По лезвию ножа


      Еще во время прохождения медицинской комиссии в Октябрьском райвоенкомате Новосибирска надо было прозреть, и, всеми доступными возможностями, отвергнуть эту «службу в армии», - эту: «почетную обязанность каждого советского гражданина», – сославшись, допустим, на плохое здоровье, на тот же выпавший диск в позвоночнике.
      «Если бы», конечно же, «да кабы», - теперь уже дела не меняет. В свое оправдание можно сказать, что тогда я не знал, что армейская вывеска «строительный батальон», - куда меня настоятельно запихивали врачи, - служит всего лишь плотным дымовым прикрытием самого обыкновенного советского рабства, которое можно поставить рядом с тем же «перевоспитанием трудом» заключенных в сталинских концентрационных лагерях, где зэки трудились за скудную пайку!
      Правда, все это я узнал, когда пережил этот позор на собственной шкуре. Когда уже и поправить-то было ничего невозможно. Все прессовалось в память, которую теперь надо сносить до конца своей жизни. Успокаиваю себя словами, что нас, просто, развела советская пропаганда.

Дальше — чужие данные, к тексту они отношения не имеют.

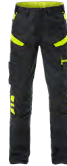
129482-982 HOSE 2555 STFP
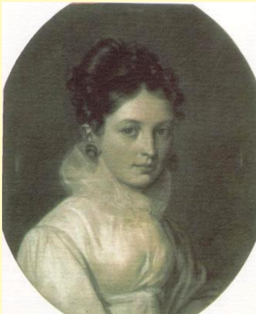
Бакунина Е.П. Автопортрет. 1816
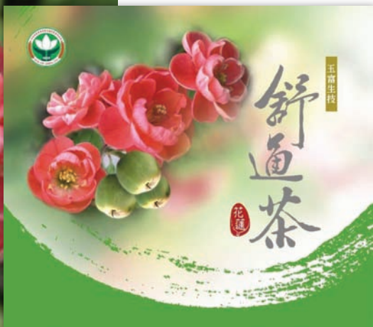
寒梅盛開的花朵， 型態富貴

      А ведь в Новосибирском военкомате на это указывали очень многие обстоятельства.
      Большинство из моих будущих сослуживцев, в то время, когда другие дети усердно грызли гранит науки, - обживали специальные тюрьмы для малолетних преступников. За грабеж, насилие и иные преступления против человеческой личности. А самые быстрые из них успели «попариться» на нарах даже взрослых зон. Это было видно по их характерным наколкам. Тела многих из них напоминали фрагменты картин художников-передвижников.
      На многих были вытатуированные облики каких-то юных дев. Это должно было бы на самом деле что-то означать в их тюремной иерархии?..
      Я мало разбирался в этом, когда проходил с ними медицинскую комиссию, и мог каждый день разглядывать под дверями кабинетов врачей их разукрашенные тела, представляющие собой настоящие картинные галереи.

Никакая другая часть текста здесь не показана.